Awesome
RBGParser
=========
This project is developed at Natural Language Processing group in MIT. The project contains a Java implementation of a syntactic dependency parser with tensor decomposition, described in the following papers:
[1] Tao Lei, Yu Xin, Yuan Zhang, Regina Barzilay and Tommi Jaakkola. Low-Rank Tensors for Scoring Dependency Structures. ACL 2014. PDF
[2] Yuan Zhang, Tao Lei, Regina Barzilay, Tommi Jaakkola and Amir Globerson. Steps to Excellence: Simple Inference with Refined Scoring of Dependency Trees. ACL 2014. PDF
[3] Yuan Zhang*, Tao Lei*, Regina Barzilay and Tommi Jaakkola. Greed is Good if Randomized: New Inference for Dependency Parsing. EMNLP 2014. PDF
This project is implemented by Tao Lei (taolei [at] csail.mit.edu) and Yuan Zhang (yuanzh [at] csail.mit.edu).
=========
<br>1. Compilation
To compile the project, first do a "make" in directory lib/SVDLIBC to compile the SVD library. Next, make sure you have Java JDK installed on your machine and find the directory path of Java JNI include files. The directory should contains header files jni.h and jni_md.h. Take a look or directly use the shell script make.sh to compile the rest of the Java code. You have to replace the "jni_path" variable in make.sh with the correct JNI include path. Also, create a "bin" directory in the project directory before running make.sh script.
<br>2. Data Format
The data format of this parser is the one used in CoNLL-X shared task, which describes a collection of annotated sentences (and the corresponding gold dependency structures). See more details of the format at here and here
<br>3. Example Usage
3.1 Basic Usage
Take a look at run.sh as an example of running the parser. You could also run the parser for example as follows:
java -classpath "bin:lib/trove.jar" -Xmx20000m parser.DependencyParser \
model-file:example.model \
train train-file:example.train \
test test-file:example.test \
output-file:example.out
This will train a parser from the training data example.train, save the dependency model to the file example.model, evaluate this parser on the test data example.test and output dependency predictions to the file example.out.
3.2 More Options
The parser will train a 3rd-order parser by default.

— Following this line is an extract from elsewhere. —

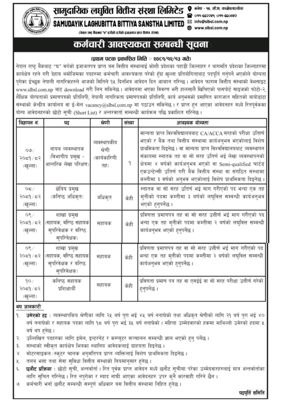 Kathmandu. Community Microfinance Institution has requested employees for various positions. The institution has requested 1 person for Deputy Manager (Department Head, Internal Audit), some for Regional Head, some for Branch Head and some for Junior Assistant Trainee. The company has requested employees for its central office and various branch offices. Interested and qualified candidates should apply within 15 days from the date of publication of the notice.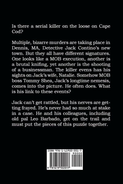 Is there a serial killer on the loose on Cape Cod? Multiple, bizarre murders are taking place in Dennis, MA, Detective Jack Contino's new town. But they all have different signatures. One looks like a MOB execution, another is a brutal knifing, yet another is the shooting of a businessman. The killer evens has his sights on Jack's wife, Natalie. Somehow MOB boss Tommy Shea, Jack's longtime nemesis, comes into the picture. He often does. What is his link to these events? Jack can't get rattled, but his nerves are getting frayed. He's never had so much at stake in a case. He and his colleagues, including old pal Leo Barbado, get on the trail and must put the pieces of this puzzle together.

To train a 1st-order (arc-based) model, run the parser like this:
java -classpath "bin:lib/trove.jar" -Xmx20000m parser.DependencyParser \
model-file:example.model \
train train-file:example.train \
test test-file:example.test \
model:basic
The argument ``model:MODEL-TYPE'' specifies the model type (basic: 1st-order features, standard: 3rd-order features and full: high-order global features).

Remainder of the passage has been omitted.